The Moriah School tied its participation in the Global Unity Torah to a week-long program of activities promoting inclusivity, kind words, and restraint from negative and harmful speech. It was dedicated in memory of former Moriah preschooler Evan Levy of Englewood, who died of a brain tumor in December 2015.

Russi Shor, the lower school program coordinator at the Yavneh Academy, said the school reserved a block of 800 letters in the Jerusalem50 Global Unity Torah, corresponding roughly to the total number of students from pre-K to eighth grade.

The project dovetailed well with Yavneh’s “culture of kindness” programming for the 50th anniversary of the reunification of Jerusalem, which entails a monthly focus on a different positive character trait.

To earn letters in a Torah scroll, children make duffel bags for homeless children.

To earn letters in a Torah scroll, children make duffel bags for homeless children.

“When we heard about the Global Unity Torah, we realized this initiative would work seamlessly with our kindness theme in honor of Jerusalem’s reunification,” Ms. Shor said. “It was an obvious decision to jump on the opportunity and be a part of this amazing program. Everyone was so inspired and excited to be a part of something so great.”

Rabbi Joshua Schulman, director of chesed programming at Frisch, sees the Global Unity Torah as “an unbelievable opportunity for our students and members of the broader community to be a part of an initiative uniting various individuals and groups of Jews worldwide through our common love for Israel, Jerusalem, Torah, and chesed.”

Frisch reserved a block of 2,000 letters for its 700 ninth- to 12th-grade students.

“Students are, honestly, extremely excited about being part of something so right, so good, and so meaningful,” Rabbi Schulman said. “We all find meaning in finding ways to be of assistance to others, and having the opportunity to pledge our acts of kindness toward the writing of a sefer Torah is inspiring for everyone involved.”

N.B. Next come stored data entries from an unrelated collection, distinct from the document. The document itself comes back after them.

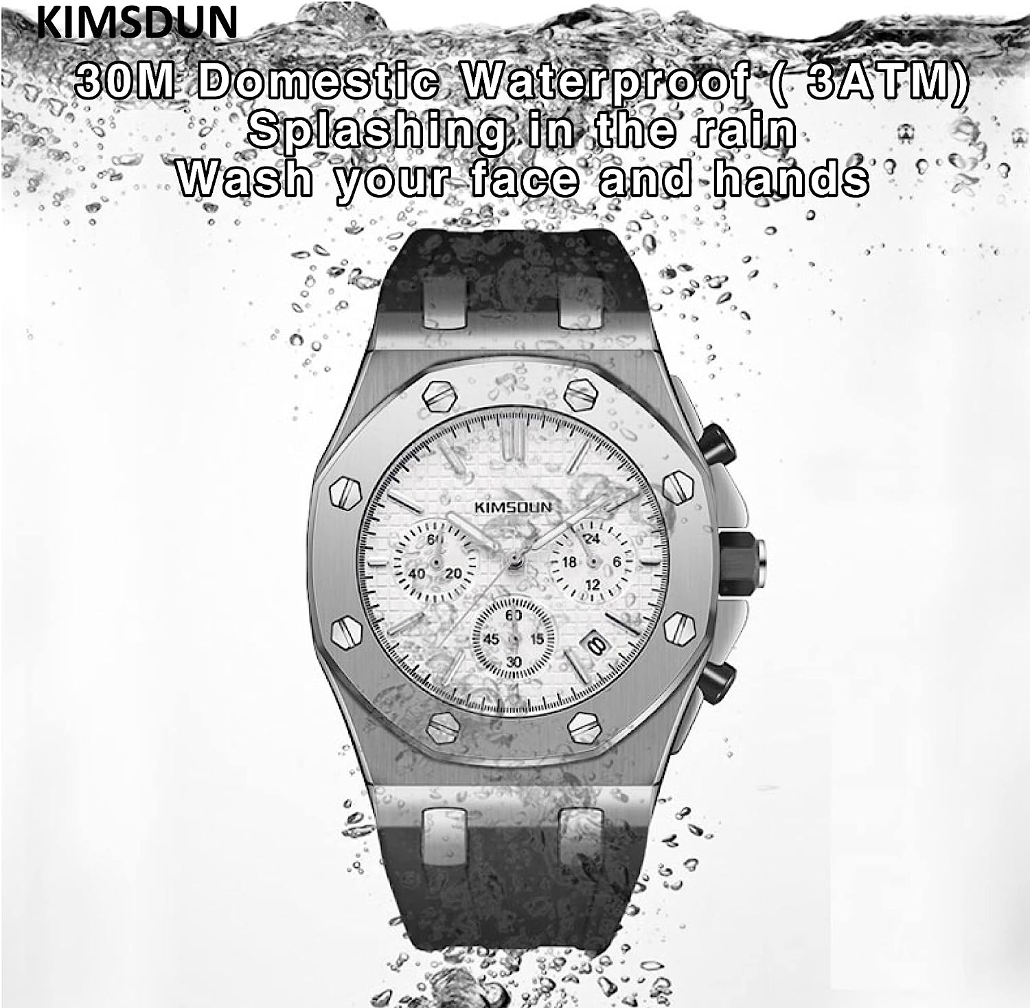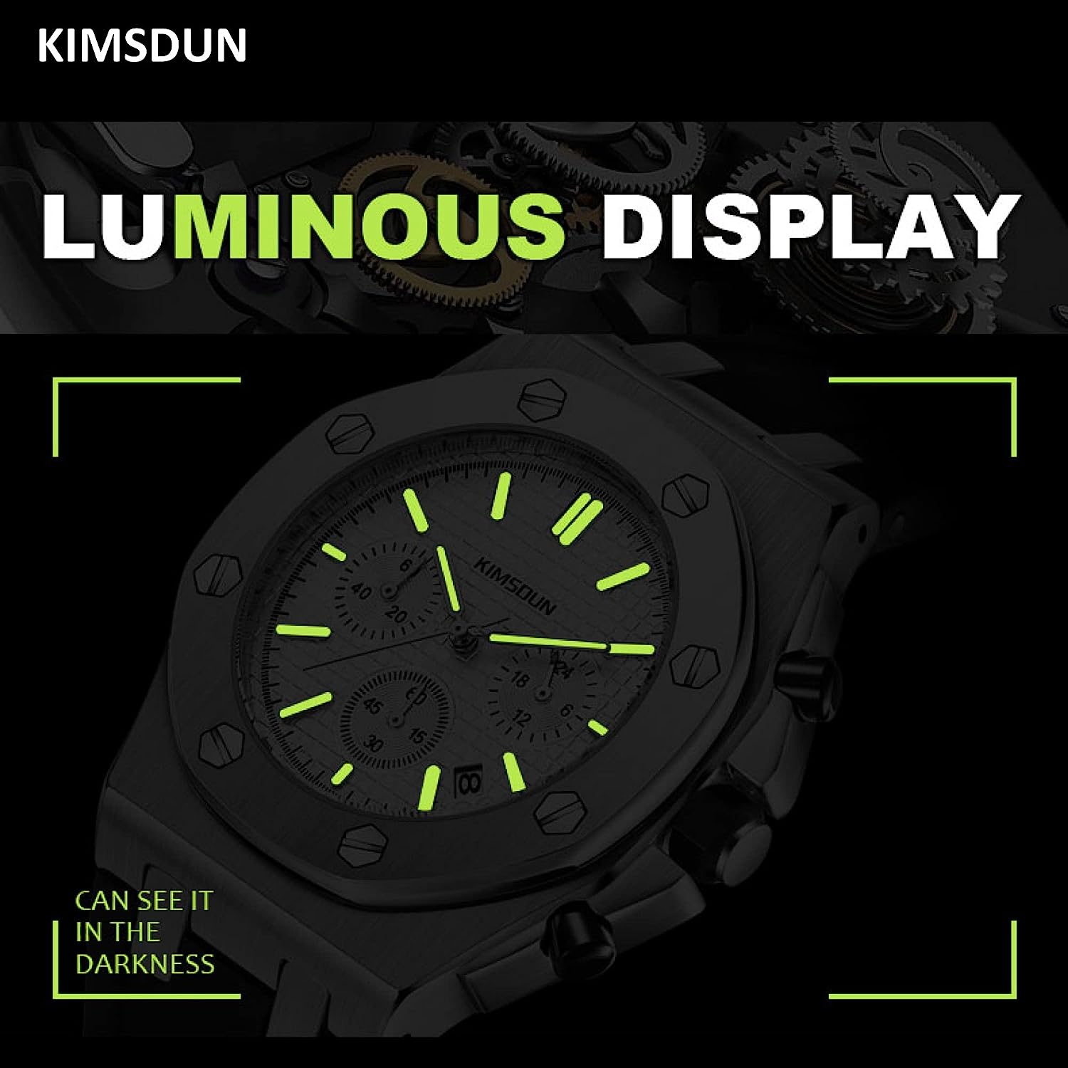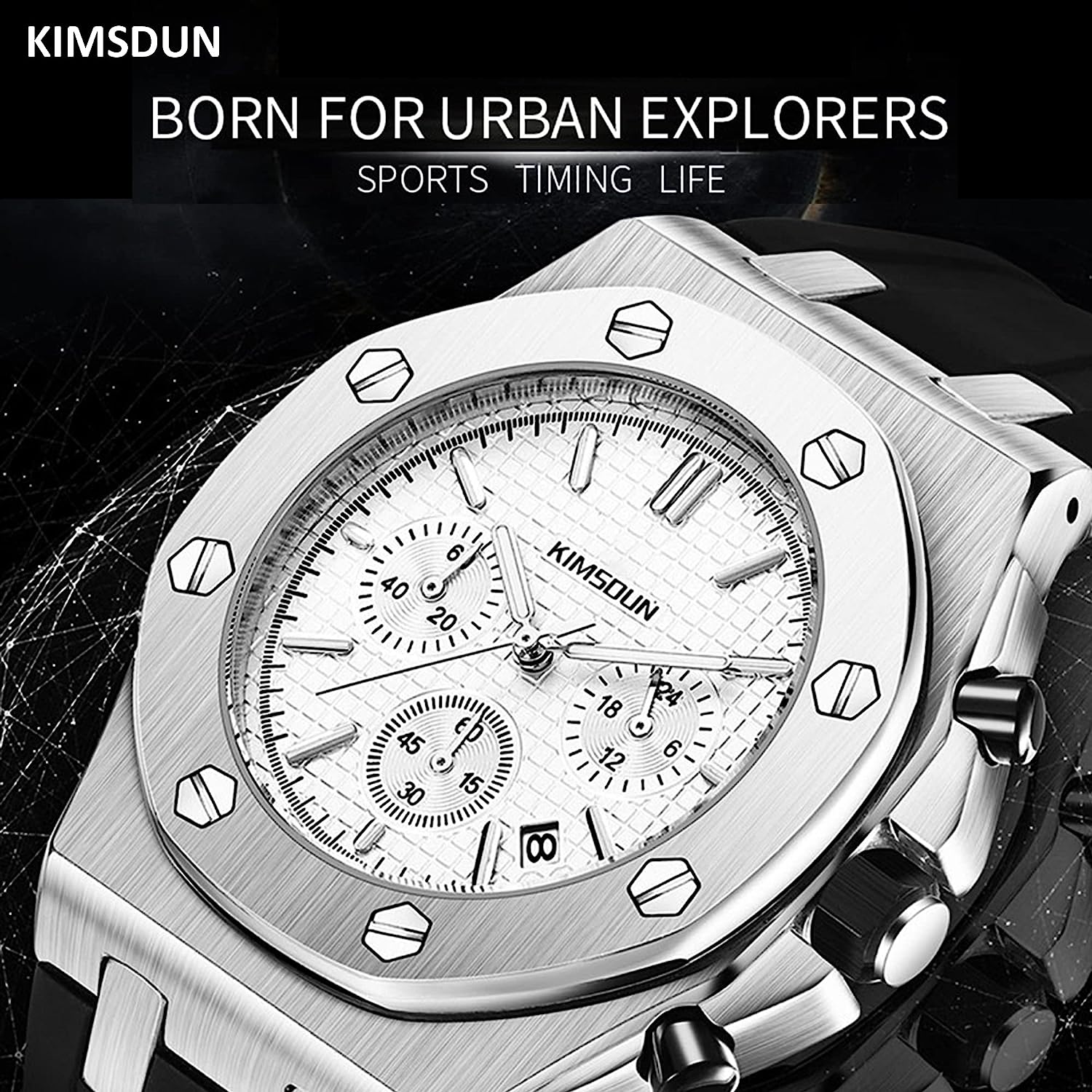 KIMSDUN Stylish Sport Watches, 3 Dials, Stopwatch, 24 Hours, Waterproof, Date Calendar, Analog Quartz Wristwatch, Casual Watch, Silicone Strap for Men Students Unisex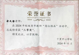 支教期间,俞文静积极参与学校教育教学竞赛,在2024年11月举办的青年教师“岗位练兵”活动中表现优异,充分展现了我院学子的专业水平与综合素养。大观区十里中心学校在信中特别提到:“俞文静老师用行动诠释了新时代青年教师的使命担当,她的敬业精神与专业能力为我校艺术教育增添了亮丽色彩。”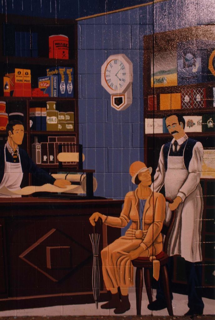 Mural of Baukham’s shop which was on the corner of Main and Clyde Streets, Foxton in 1926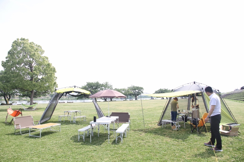 今年は天気が良くて気持ち良いですね~~♪去年は天候不順で土日雨ばっかりだったので尚更嬉しいです。新商品も色々発売されますので商品開発部のメンバーでロケに行ってきました! 右のスクリーンタープが大人気の3Mサイズ(フルクローズ)で左側のタープは27日から発売の4M×2.8Mワイドサイズです。ワイドサイズの方はフルクローズではなく、別売りのフラップをお好みで取り付けるセミクローズタイプ。※上のリンクは最初からセットになっているお買い得品番です。そしてどちらもワンタッチ!今やなんにでもワンタッチタープって付けられちゃっていますが、独りで設営できない物はワンタッチと呼ばないと思います。。。。※風が強い場所ではテント飛ばされますので2名設営推奨です(笑)4面フルメッシュだと こんな感じから→別売りのフラップを付けると こんな感じになります。壁を付ける位置は変えられるので日差しの方向に合わせて付け替えたり、フラップを2セット購入すればフルクローズにもなります。もちろんどちらもUVカット(UPF50+)さらにキャノピーポールがあればフラップはキャノピー代わりにもなる便利仕様です♪3mもタープとしては大型ですが、4Mあるとテーブル2台入りますね。4月のアウトドアデイ東京でも2.4Mのロングテーブル中に入れてイベント参加してました。あいにくの雨でしたがシームテープ加工もされているので雨漏りもせず快適でした。こちらも人気のピクニックテーブルセット(モダンブラウン)テーブルセットにブラウンとか使い始めたのうちが先駆けだったと記憶していますが、今や皆さん販売されてますね。でも、細かい仕様や品質には自信あります♪しかも自社企画なので安いです。 持ち運びできるハンモックもあります。こちらも3年目?になりますでしょうか。今年からブラウンのスタンドも追加して6色(パターン)展開になりました。色と生地の肌触りにはとことんこだわっています。ハンモックも別売りしていますので、破れたり色に飽きても気軽に交換できるのもポイント。 これからもワクワクする商品どんどん発売していきますので、よろしくお願いします!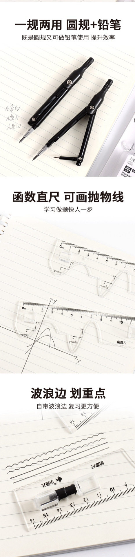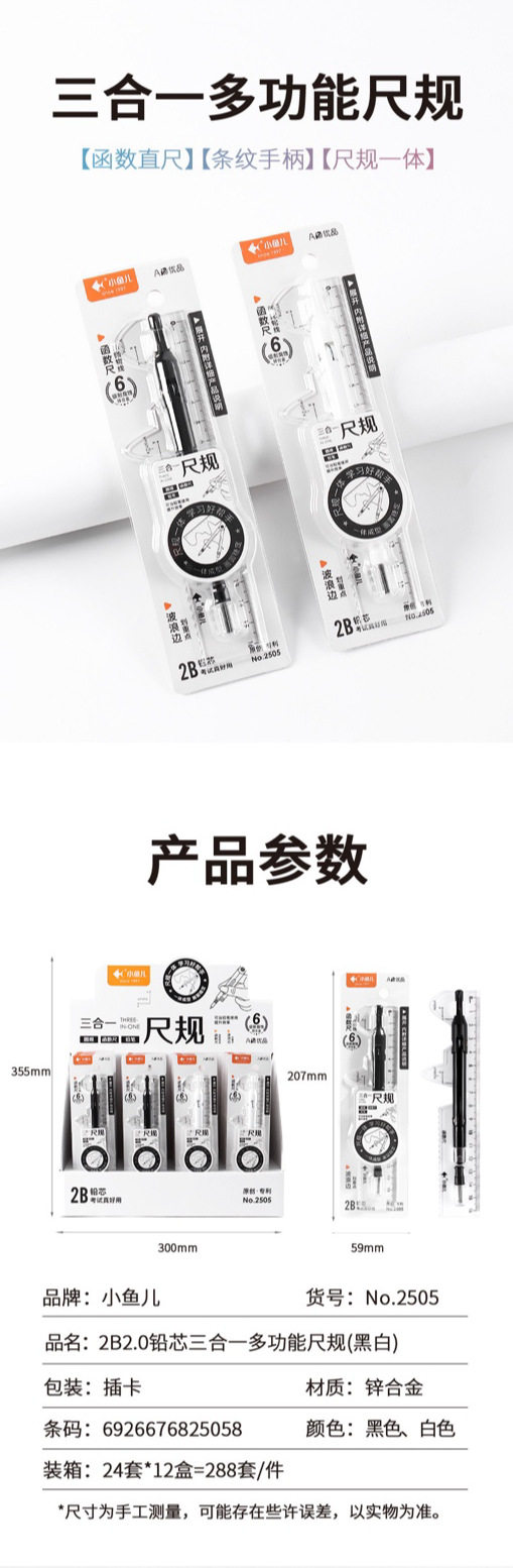 Xiaoyuer 2505 three-in-one multifunctional ruler 2B 2.0 lead black and white function ruler compasses ruler suit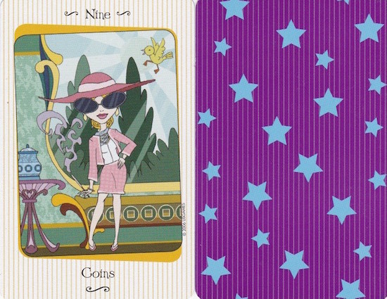 【コイン9の意味】 感謝 贅沢 自立 最高潮 頂点 ぶどう園に女性がいます。 ぶどうの木はぶどうとゴールドのコインで 重くなっていて、望みが叶ったことを表します。 鷹は彼女が知的で精神的であることを象徴します。 平和、満足の他に創造的なベンチャー、個人投資の達成という意味があります。 それは自身の努力の結果として永続的な成果をもたらします。 こちらがオーソドックスなライダータロット。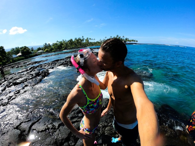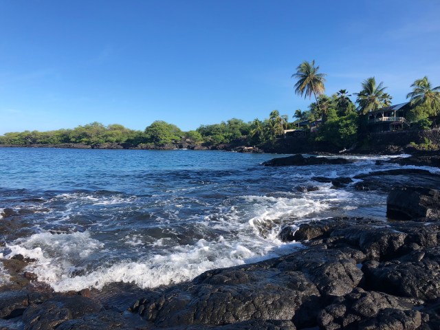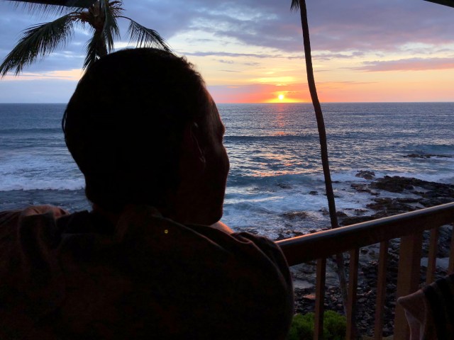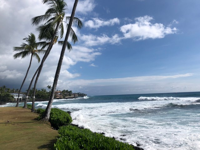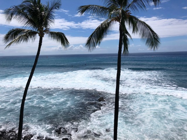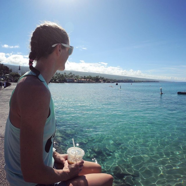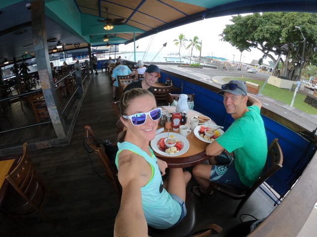 Dag 1 startet med frokost på Splashers Grill i sentrum av Kona, før vi hoppet ut i Stillehavet. Det var hele 28 grader i sjøen :-) Helt herlig! Etter svømmeturen ble det en liten trilletur på Queen K for å vekke til live slitne og hovne reisebein. Det er litt uvirkelig å være tilbake og vi føler oss veldig heldige.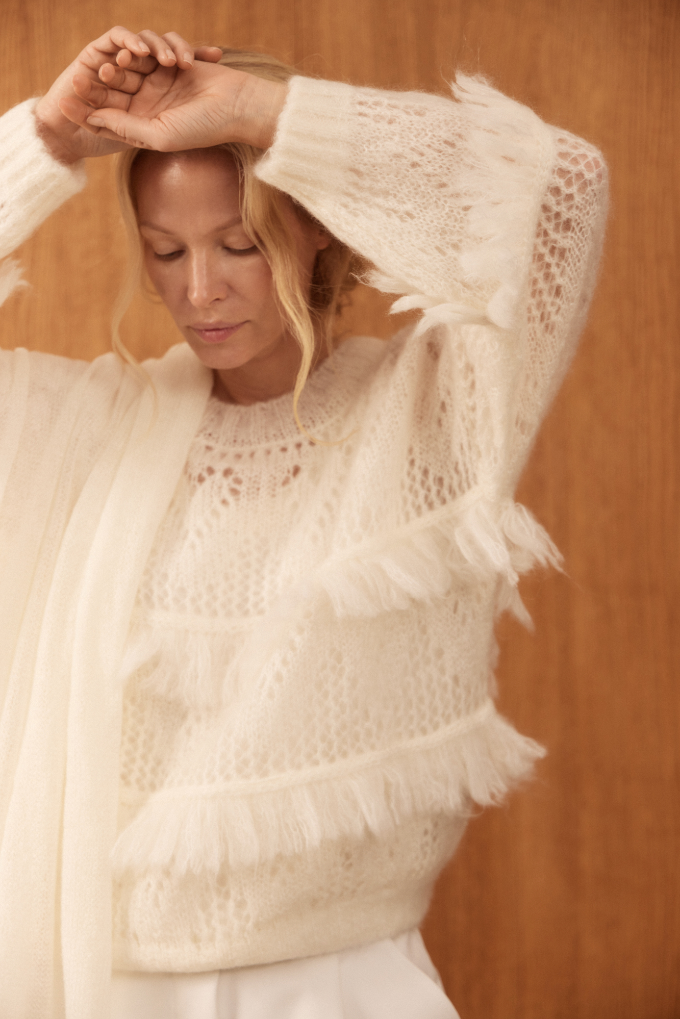Ажурный джемпер с бахромой из кид мохера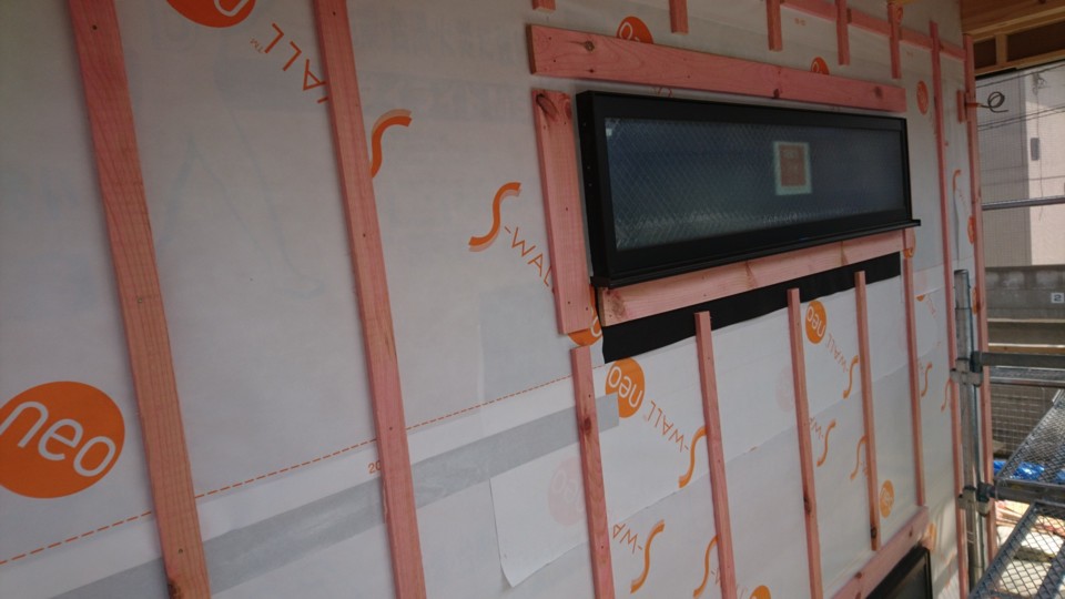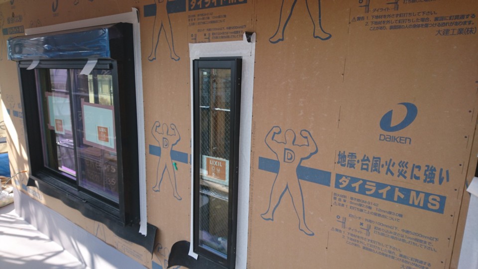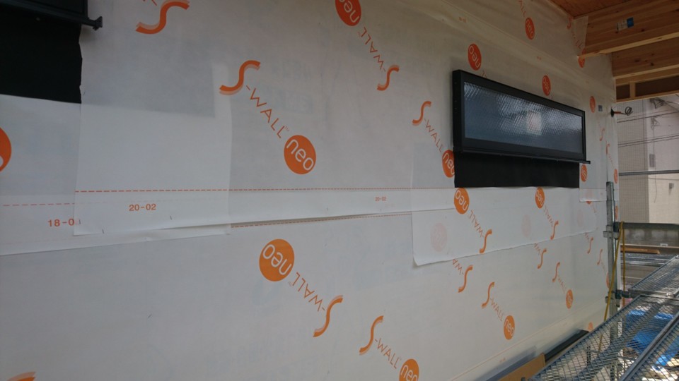 透湿シート完了後、第三者による外装下地検査を受け適合になりましたので、胴縁施工に移りました。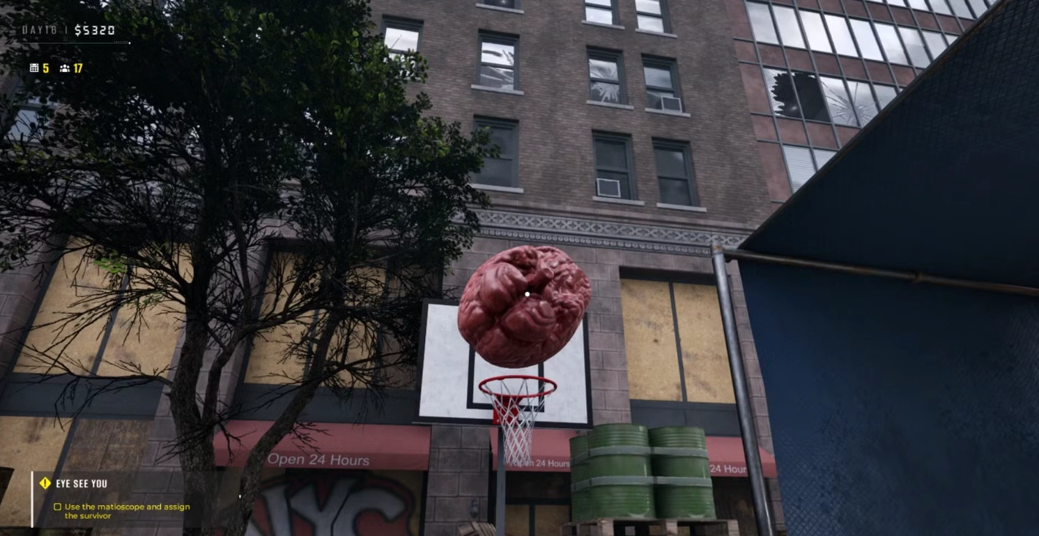 Условие разблокировки: Метните человеческий мозг в баскетбольную корзину. Чистый бросок - чистая совесть.

The Afikim Foundation produced a set of eight fabric murals depicting scenes of Jerusalem, as well as colorful booklets offering information and historical facts about Jerusalem in five languages, to enhance its Jerusalem50 project. The foundation also is offering an interactive traveling Jerusalem Exhibit with accompanying study guide for educational institutions and Jewish community centers.

Three people randomly chosen from people who enter their email address on the Jerusalem50 website will receive round-trip tickets to attend the Torah dedication ceremony in Jerusalem on May 28; the ceremony will be headlined by Jerusalem’s mayor, Nir Barkat.